What Matters

This morning I attended the funeral of my great aunt, my paternal grandmother’s youngest sister. I was not super close to her, though over the years, whenever I visited Taiwan, I would occasionally have lunch with her or visit her house with other relatives. She was the first person to take me to Eslite when I came to Taiwan almost ten years ago, because she knew I liked books and wanted to show me the giant bookstore that was open 24 hours.

I don’t know a ton about her life except that as was sometimes the custom in old days, her father adopted her out to his best friend when the friend and his wife were having trouble conceiving. Thus, she grew up with a different last name than my grandma. Growing up, I thought she and my grandma looked a lot alike, or that she seemed a younger, more delicate version of my grandma.

Going to the funeral, I didn’t know what to expect. I didn’t feel close enough to her to shed any tears, though I did feel sad and regretful I hadn’t made more of an effort to get to know her. But it was watching her husband, who is basically deaf at this point, stand and bow to her and start sobbing uncontrollably, that undid me. I thought to myself how this woman, who was unknown to me in most ways, was the most important person in this man’s life. He was frail and hunched over, his hair sticking out everywhere. His children held him up even as they kneeled to bow to her body.
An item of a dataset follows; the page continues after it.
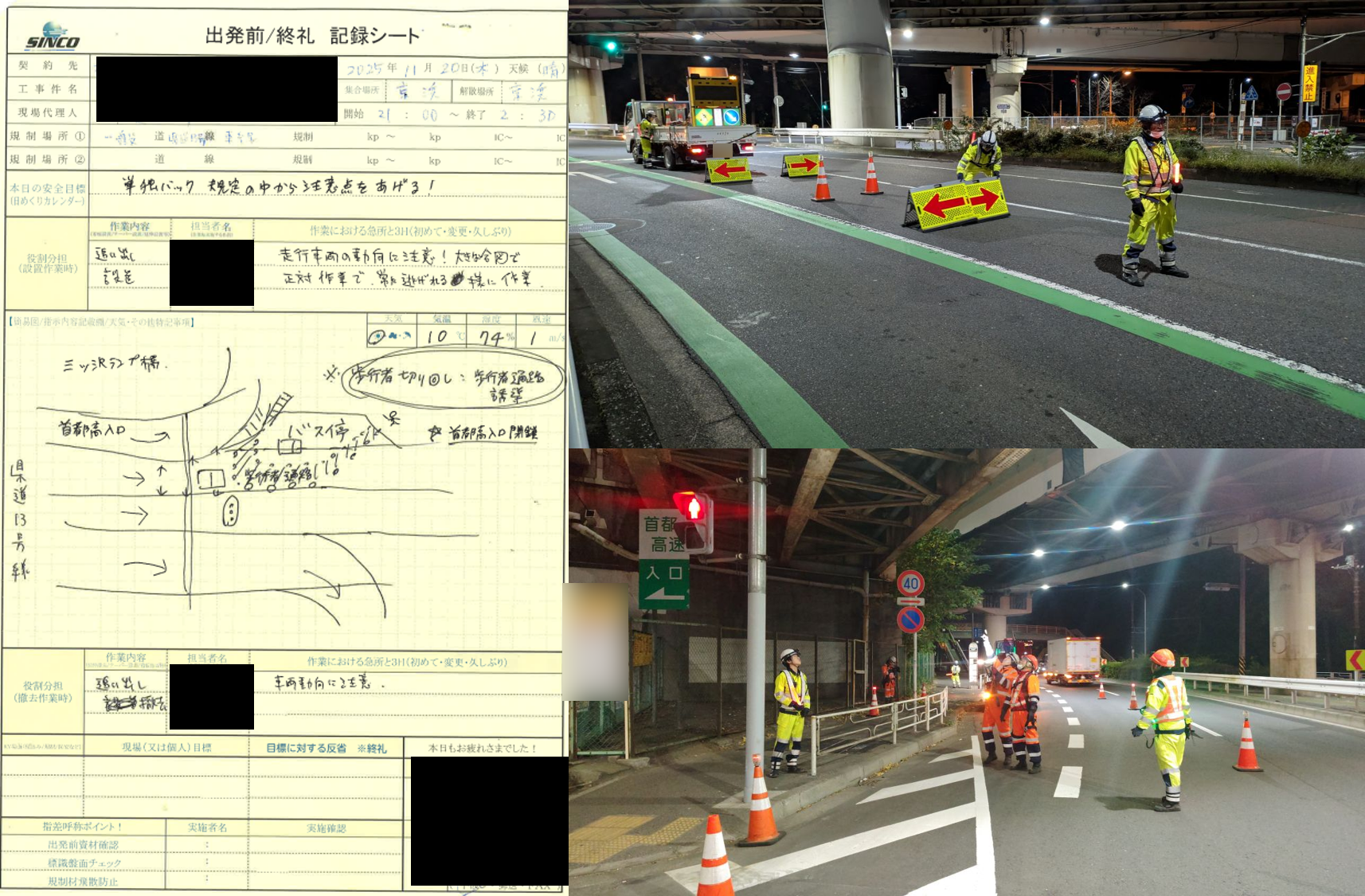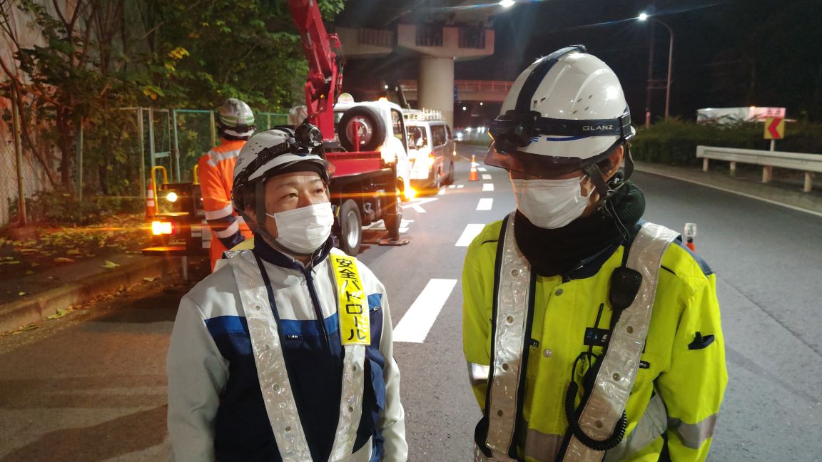 ブリーフィング内容 □規制場所・規制切替の手順の説明 □役割分担・監視員の任命 □寒さ対策の徹底所感 【総評】 安全な規制作業・高所作業・運転はチームとしての意識を向上させなければならないと考え ・助手席者と協力しコメンタリー運転が行えているか? ・協議通り(規制図通り)の規制が実行されているか? ・監視員とオペレーターの打合せ密に行えているか? 上記を重点項目と定め現場パトロールを営業所長大竹と安全室船橋とで実施致しました。 【規制設置環境】 左カーブの始まりがテーパー部となっていた為、一般車からの視認性は良好。交通量もすくなく 信号機が赤になるタイミングで規制の切替を行える等環境は良好でした。 【コメンタリー運転の実態と監視員とオペの打合せ状況の確認】 新人隊員へコメンタリー運転の実施状況を聴取したところ、 まだ慣れていない為、忘れる事もあるが 先輩隊員に指摘されるので意識するようにしてるとの回答で、 全員100%までとはいかないまでも徐々 にする人が増えてきて浸透しているのを感じました。 オペレーターと監視員の打合せ状況ですが、 その場所の点検作業が終わり場所を移動する度に、お客様 を交えて具体的な支障物の確認と監視員に 見て欲しいポイントを説明しており、打合せ状況は良好でした。

As they passed by her coffin to look at her one more time, the daughter whispered words to her mother while my great-uncle sobbed and sobbed and sobbed. They tried to pull him past the coffin but he wouldn’t budge. He kept looking back and crying. He wasn’t ready to leave, because he knew to leave would be to leave her forever.

Every person in this world, no matter how unknown they are to the rest of the world, means something to somebody. My great-aunt was sick often in the last years of her life, and I hope she feels peace wherever she is at now. Although I didn’t know her well enough to feel deep grief over her passing, my heart aches for her husband, who was unconsolable, whose life is forever altered. I ended up crying at the end of the funeral, because his anguish felt so palpable to me. I hope he too, can find peace for the rest of his living days, but I know these kinds of losses are permanent holes, these people irreplaceable.

The last time I saw my great-aunt was a couple of months ago. My father, cousin, and I went to her house. We brought some cakes that I was pretty sure she wouldn’t eat. She was bedridden and in pain so we sat in her bedroom while she lay flat in her bed, her husband seated in a chair in front of her. We made some small talk — I don’t know about what anymore — while I gazed and looked at the pictures framed and hung around the room. Her wedding portraits. Both she and my great-uncle looked so young and full of life. So happy and full of wishes and promise.

Life is fleeting. In the end it doesn’t matter how hard we worked, how famous we have become, what we have achieved professionally. In the end what matters is that we loved and were loved. That there is someone by our side who can’t bear to leave, can’t bear that this glance is the last glance they will ever have of you.